5-STEP AGENT LOOP (naive implementation)

  Turn 1: Planner reads full context → decides tool → 3,000 tokens
    ↓
  Tool A executes → returns 800-token output
    ↓
  Turn 2: Executor reads context + tool output → 4,200 tokens
    ↓
  Turn 3: Sub-agent reads accumulated history → 5,100 tokens
    ↓
  Turn 4: Verifier reads everything above → 6,800 tokens
    ↓
  Turn 5: Formatter reads accumulated context → 7,400 tokens

  Total: ~27,000 tokens per run ← 13.5x the chatbot estimate

  And that assumes no retries, no tool failures, no clarifications.

Every hop in the agent loop carries the accumulated context of every step before it. By the time a five-step loop finishes, you haven't made one model call. You've made eight, twelve, sometimes twenty — each one re-reading the full history.

Run the math on a real workload:

Users/day	Tokens/run (naive)	Tokens/run (optimized)	Monthly delta
1,000	25,000	5,000	600M tokens
10,000	25,000	5,000	6B tokens
100,000	25,000	5,000	60B tokens

At enterprise volume, the difference between a thoughtful architecture and a naive one isn't a percentage. It's an order of magnitude.

Tokenomics is the gravity of agentic AI. You can ignore it for a while. You cannot escape it.

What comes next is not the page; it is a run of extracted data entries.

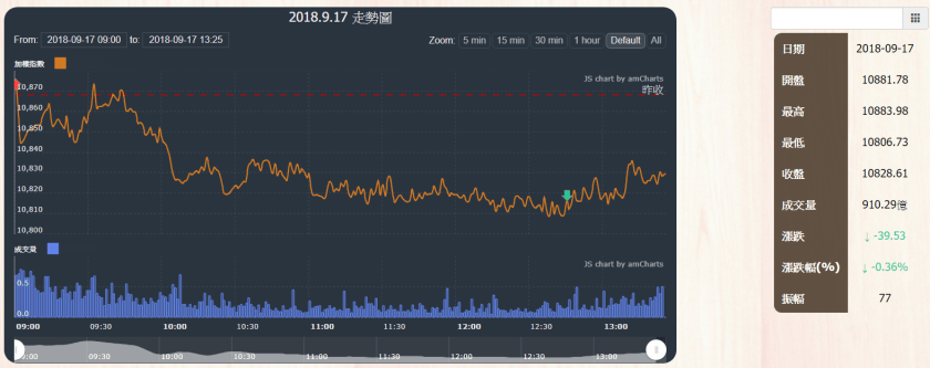 今日受台積電、大立光、台塑化回檔影響,大盤加權指數收盤為10828,下跌39.53點,成交量910.29億,成交量萎縮。當日盤勢開盤至9:30之後往下回測10820,指數在低檔持續震盪,至尾盤拉回。
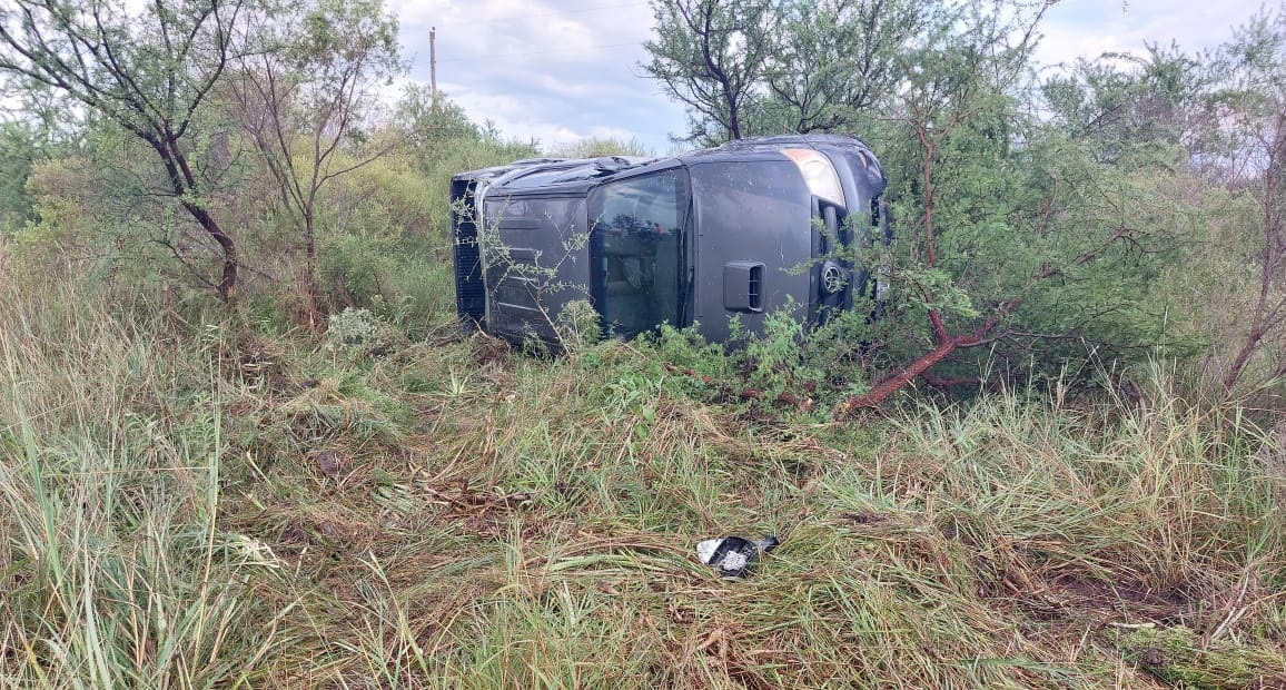 Policías que se transportaban en una camioneta protagonizaron un vuelco en el kilómetro 592 de la Ruta Nacional N° 12, cerca de La Paz, la mañana de este lunes.
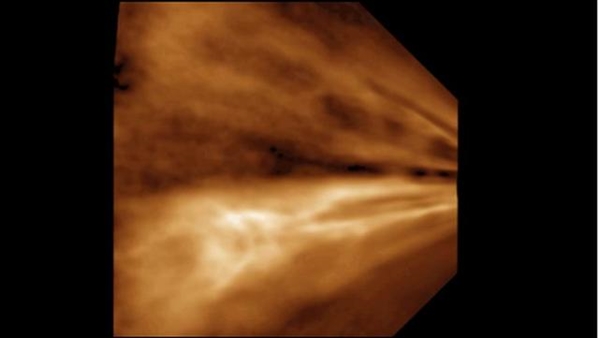 腾讯太空讯 据英国每日邮报报道,太阳看上去像一个平静有序的太空实验室,但事实上当太阳风离开太阳表面时完全不同于湍流风掠过地球,目前,最新观测图像显示,太阳风离开太阳表面时出现粒子射线流。
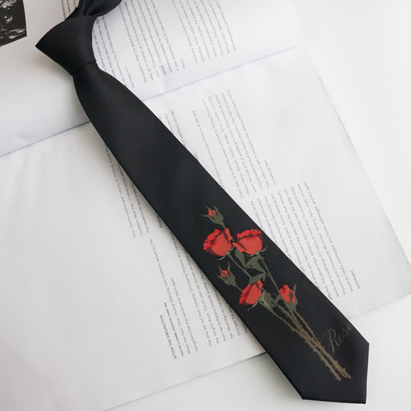 Cravate romantique noire à motif bouquet de roses rouges pour homme
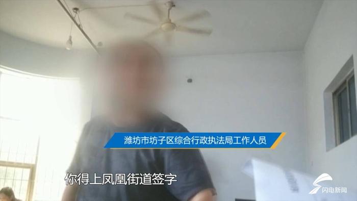 坊子區(qū)綜合行政執(zhí)法局工作人員表示,他們簽字蓋章后,流程還沒完,需要再去鳳凰街道簽字。

The Architecture That Decides Your Bill

Once you accept that token cost compounds with every agent hop, your architecture decisions stop being style choices. They become survival choices.

Here's the map:

┌─────────────────────────────────────────────────────────────┐
│                   AGENT ARCHITECTURE MAP                     │
│             [amber = where cost is decided]                  │
└─────────────────────────────────────────────────────────────┘

         USER REQUEST
               │
               ▼
    ┌─────────────────────┐
    │   ROUTING LAYER  🟡 │  ← Cost decided here: small vs large model
    │  (Intent classifier)│     GPT-4o Mini vs GPT-4o: 10-30x price diff
    └──────────┬──────────┘
               │
               ▼
    ┌─────────────────────┐
    │  TOKEN BUDGET    🟡 │  ← Hard cap per hop, per run
    │  CONTROLLER         │     Rejects or truncates before it's too late
    └──────────┬──────────┘
               │
               ▼
    ┌─────────────────────────────────────────────────┐
    │                 AGENT LOOP                       │
    │                                                  │
    │   ┌─────────────┐      ┌─────────────────┐      │
    │   │  CONTEXT  🟡│      │  TOOL OUTPUTS 🟡│      │
    │   │  INPUTS     │      │  (RAG, APIs,    │      │
    │   │  (history,  │      │  sub-agents)    │      │
    │   │  scratchpad)│      └────────┬────────┘      │
    │   └──────┬──────┘               │               │
    │          └──────────┬───────────┘               │
    │                     ▼                           │
    │           ┌─────────────────┐                   │
    │           │  SUPERVISOR  🟡 │                   │
    │           │  (orchestrator) │                   │
    │           └────────┬────────┘                   │
    │                    │ (handoff carries            │
    │                    │  full context payload)      │
    │                    ▼                             │
    │           ┌─────────────────┐                   │
    │           │  SUB-AGENTS  🟡 │                   │
    │           └─────────────────┘                   │
    └──────────────────┬──────────────────────────────┘
                       │
                       ▼
    ┌─────────────────────┐
    │  CACHING LAYER   🟡 │  ← Prompt cache hits can cut cost 60-90%
    │  (semantic cache)   │
    └──────────┬──────────┘
               │
               ▼
    ┌─────────────────────┐
    │  TOKEN TELEMETRY 🟡 │  ← Per-hop visibility: where is cost going?
    │  + COST METER       │
    └─────────────────────┘

The amber boxes are where token cost is either compounded or controlled.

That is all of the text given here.